14. The method of providing data communications of claim 13, wherein the data interchange is bidirectional.

15. The method of providing data communications of claim 13, further comprising: a. gathering sensor data from a sensor operatively connected to the power generator and the wireless communications transmitter; andb. interchanging the sensor data between the wireless communications transmitter and the predetermined well device.

16. The method of providing data communications of claim 13, the system further comprising a controller operatively connected to the power generator and operatively in communication with a flow control tool, the method further comprising using the controller to control the flow control tool to selectively choke or not choke a flow stream passing by proximate the side pocket mandrel, thereby creating a change in fluid pressure that can be detected at a surface location as digital communications.
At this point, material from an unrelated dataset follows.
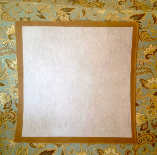 He decidido trabajar con un margen de costura de 1". Puesto que mi almohada es cuadrada de 20", he cortado una de 22" x 22" trozo de tela. Estoy usando un lino que arrugas horriblemente, así que he planchado una 20 "x 20" Plaza del hierro-en interfaz a mi tela. Estoy esperando que la entretela mantendrá la tela relativamente arruga libre cuando tengo que lavar esto en el futuro. ¿Funcionará? ¿Quién sabe?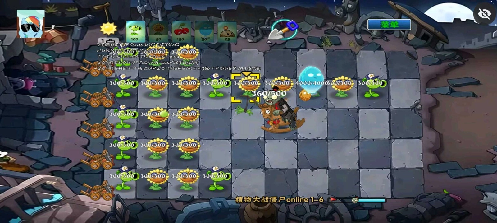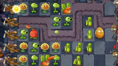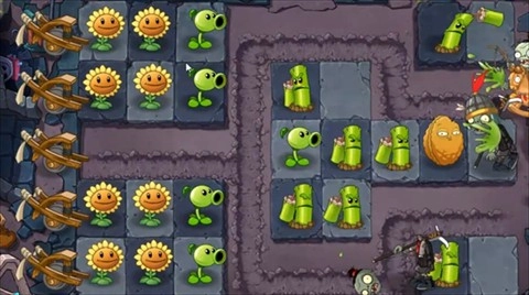 3、秦始皇陵1-3关卡:这一关与前两关玩法相同,同样是利用尽有的几个植物进行防御,左侧向日葵和豌豆射手,右侧为竹子和坚果,必要时也可以放土豆。

17. The method of providing data communications of claim 16, wherein the flow control tool comprises a valve.

18. The method of providing data communications of claim 13, wherein the wireless communications transmitter further comprises an acoustic wave generator or an electromagnetic wave generator, the method further comprising using the wireless communications transmitter to controllably generate a set of acoustic or electromagnetic waves to effect data communication.

19. The method of providing data communications of claim 18, further comprising transmitting the set of electromagnetic waves through a production pipe or a geological formation.

20. The method of providing data communications of claim 13, wherein the wireless communications transmitter further comprises an acoustic generator, the method further comprising using the acoustic generator to provide acoustic energy as digital bits that travel to the surface.